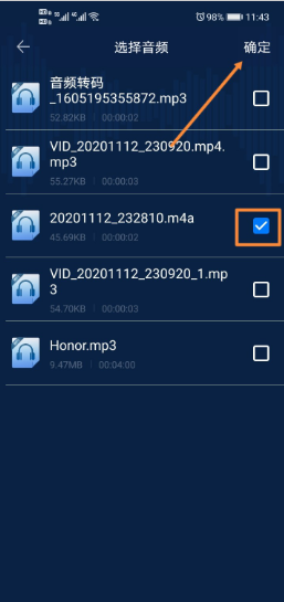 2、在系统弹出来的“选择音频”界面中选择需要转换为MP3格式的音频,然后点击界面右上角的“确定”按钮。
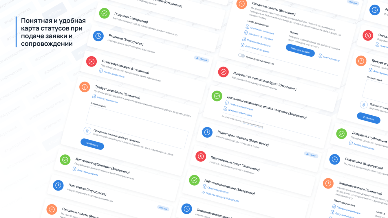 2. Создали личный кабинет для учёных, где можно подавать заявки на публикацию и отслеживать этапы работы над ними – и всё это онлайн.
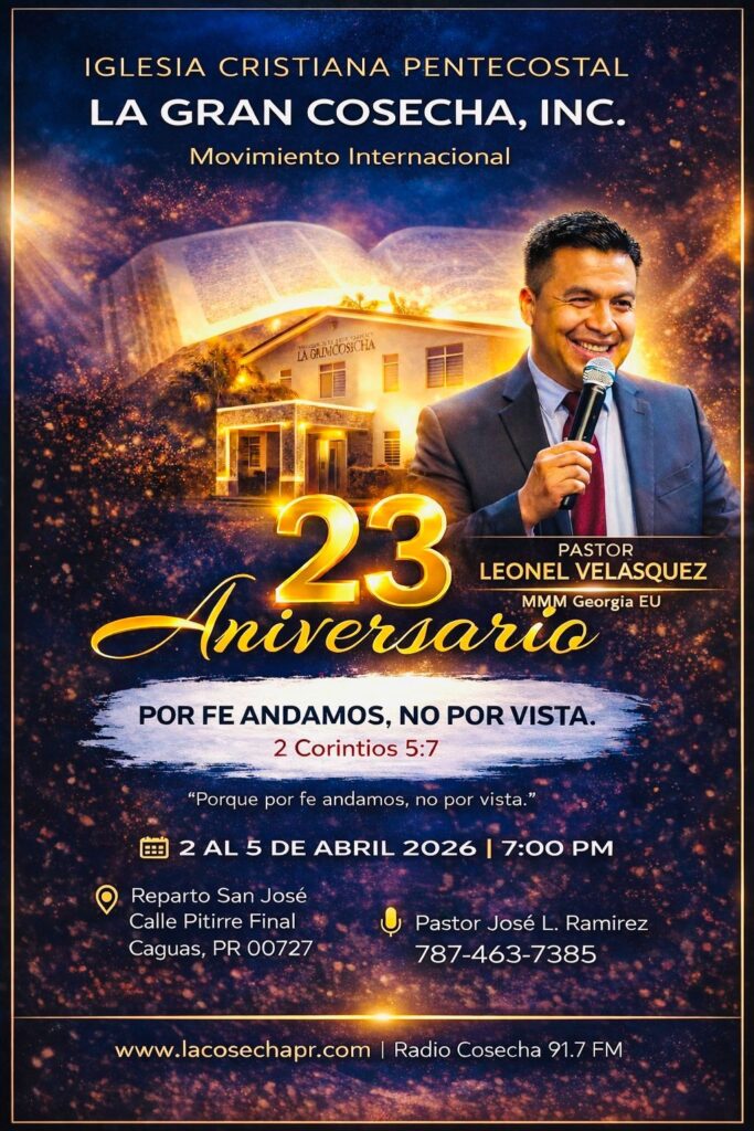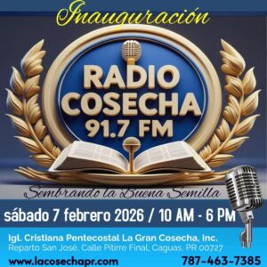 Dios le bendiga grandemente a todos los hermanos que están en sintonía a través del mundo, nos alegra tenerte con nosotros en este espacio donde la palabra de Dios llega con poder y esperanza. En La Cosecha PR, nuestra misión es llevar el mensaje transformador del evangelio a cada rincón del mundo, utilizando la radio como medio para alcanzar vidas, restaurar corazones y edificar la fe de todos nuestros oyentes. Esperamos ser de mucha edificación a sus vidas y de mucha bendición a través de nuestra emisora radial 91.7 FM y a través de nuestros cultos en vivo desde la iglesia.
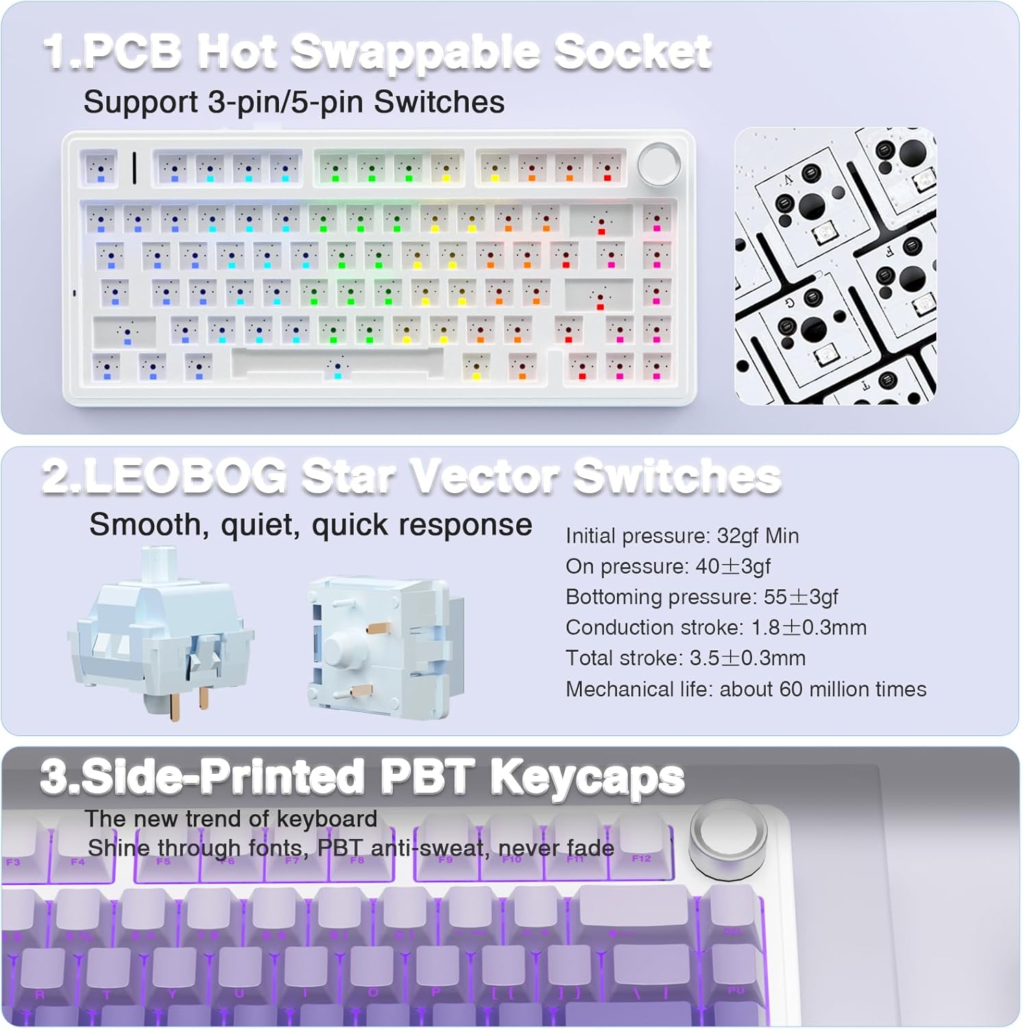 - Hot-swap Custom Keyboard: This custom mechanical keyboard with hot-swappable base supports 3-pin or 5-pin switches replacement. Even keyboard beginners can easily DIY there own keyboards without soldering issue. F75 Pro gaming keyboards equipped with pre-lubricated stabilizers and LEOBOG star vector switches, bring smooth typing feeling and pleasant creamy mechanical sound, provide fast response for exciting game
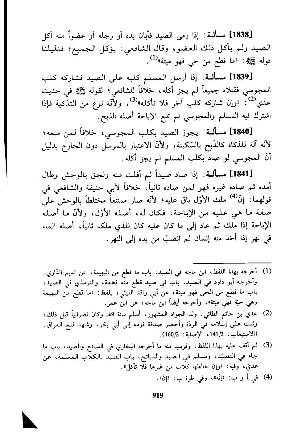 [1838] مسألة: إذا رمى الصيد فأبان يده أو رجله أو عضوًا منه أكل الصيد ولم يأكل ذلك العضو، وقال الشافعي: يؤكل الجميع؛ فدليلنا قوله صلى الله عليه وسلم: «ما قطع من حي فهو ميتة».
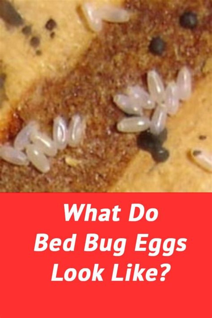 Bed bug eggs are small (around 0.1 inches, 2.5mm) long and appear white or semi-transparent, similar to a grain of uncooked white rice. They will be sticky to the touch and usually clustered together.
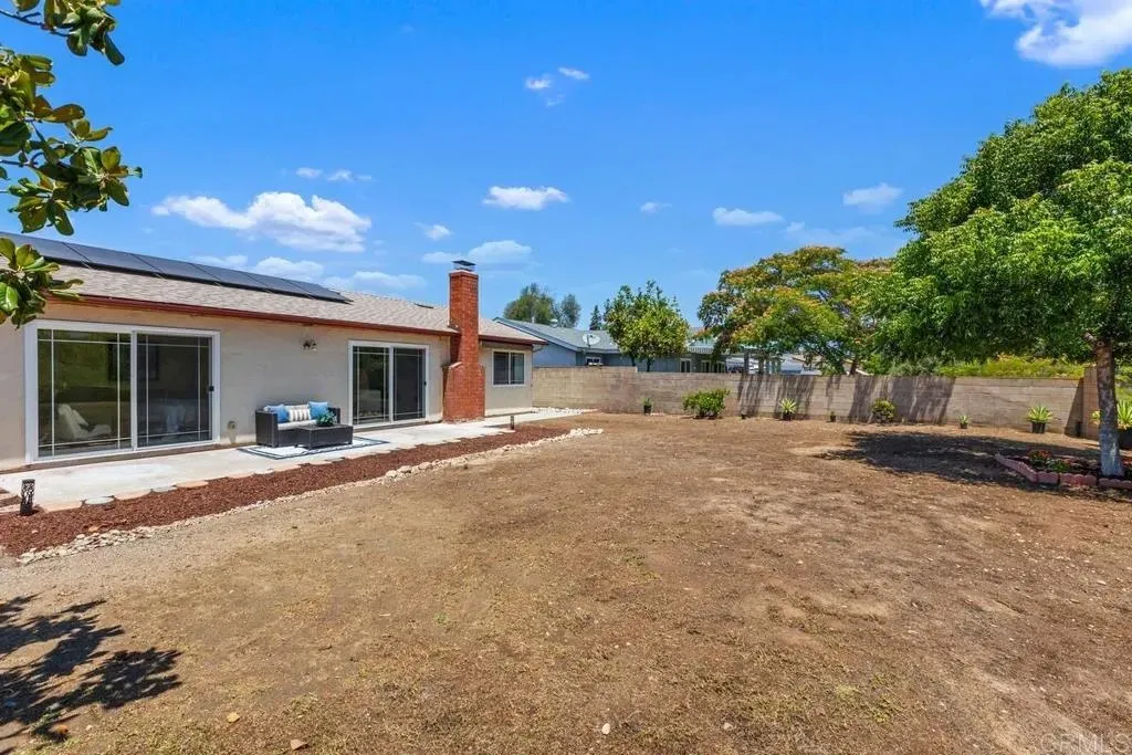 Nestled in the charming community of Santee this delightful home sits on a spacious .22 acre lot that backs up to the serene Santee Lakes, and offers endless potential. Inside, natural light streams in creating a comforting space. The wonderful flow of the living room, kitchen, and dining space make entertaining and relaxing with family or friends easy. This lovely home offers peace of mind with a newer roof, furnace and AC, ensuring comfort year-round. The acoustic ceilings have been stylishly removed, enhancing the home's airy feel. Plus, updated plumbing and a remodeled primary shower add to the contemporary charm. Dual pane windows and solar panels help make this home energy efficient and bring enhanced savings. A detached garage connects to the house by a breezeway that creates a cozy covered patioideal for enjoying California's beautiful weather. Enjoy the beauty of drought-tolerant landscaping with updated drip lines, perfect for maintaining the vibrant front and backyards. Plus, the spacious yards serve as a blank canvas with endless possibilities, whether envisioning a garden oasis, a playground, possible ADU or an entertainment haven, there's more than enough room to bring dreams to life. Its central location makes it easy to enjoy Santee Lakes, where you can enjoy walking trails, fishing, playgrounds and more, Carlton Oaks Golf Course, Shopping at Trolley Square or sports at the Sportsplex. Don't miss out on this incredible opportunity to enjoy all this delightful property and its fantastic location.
================================
• _WHAT YOU NEED TO DO_: Each record is to be copied word for word, with no images carried over.

• _RESULT OF THIS EXERCISE_:
 2、在系统弹出来的“选择音频”界面中选择需要转换为MP3格式的音频,然后点击界面右上角的“确定”按钮。
 2. Создали личный кабинет для учёных, где можно подавать заявки на публикацию и отслеживать этапы работы над ними – и всё это онлайн.
 Dios le bendiga grandemente a todos los hermanos que están en sintonía a través del mundo, nos alegra tenerte con nosotros en este espacio donde la palabra de Dios llega con poder y esperanza. En La Cosecha PR, nuestra misión es llevar el mensaje transformador del evangelio a cada rincón del mundo, utilizando la radio como medio para alcanzar vidas, restaurar corazones y edificar la fe de todos nuestros oyentes. Esperamos ser de mucha edificación a sus vidas y de mucha bendición a través de nuestra emisora radial 91.7 FM y a través de nuestros cultos en vivo desde la iglesia.
 - Hot-swap Custom Keyboard: This custom mechanical keyboard with hot-swappable base supports 3-pin or 5-pin switches replacement. Even keyboard beginners can easily DIY there own keyboards without soldering issue. F75 Pro gaming keyboards equipped with pre-lubricated stabilizers and LEOBOG star vector switches, bring smooth typing feeling and pleasant creamy mechanical sound, provide fast response for exciting game
 [1838] مسألة: إذا رمى الصيد فأبان يده أو رجله أو عضوًا منه أكل الصيد ولم يأكل ذلك العضو، وقال الشافعي: يؤكل الجميع؛ فدليلنا قوله صلى الله عليه وسلم: «ما قطع من حي فهو ميتة».
 Bed bug eggs are small (around 0.1 inches, 2.5mm) long and appear white or semi-transparent, similar to a grain of uncooked white rice. They will be sticky to the touch and usually clustered together.
 Nestled in the charming community of Santee this delightful home sits on a spacious .22 acre lot that backs up to the serene Santee Lakes, and offers endless potential. Inside, natural light streams in creating a comforting space. The wonderful flow of the living room, kitchen, and dining space make entertaining and relaxing with family or friends easy. This lovely home offers peace of mind with a newer roof, furnace and AC, ensuring comfort year-round. The acoustic ceilings have been stylishly removed, enhancing the home's airy feel. Plus, updated plumbing and a remodeled primary shower add to the contemporary charm. Dual pane windows and solar panels help make this home energy efficient and bring enhanced savings. A detached garage connects to the house by a breezeway that creates a cozy covered patioideal for enjoying California's beautiful weather. Enjoy the beauty of drought-tolerant landscaping with updated drip lines, perfect for maintaining the vibrant front and backyards. Plus, the spacious yards serve as a blank canvas with endless possibilities, whether envisioning a garden oasis, a playground, possible ADU or an entertainment haven, there's more than enough room to bring dreams to life. Its central location makes it easy to enjoy Santee Lakes, where you can enjoy walking trails, fishing, playgrounds and more, Carlton Oaks Golf Course, Shopping at Trolley Square or sports at the Sportsplex. Don't miss out on this incredible opportunity to enjoy all this delightful property and its fantastic location.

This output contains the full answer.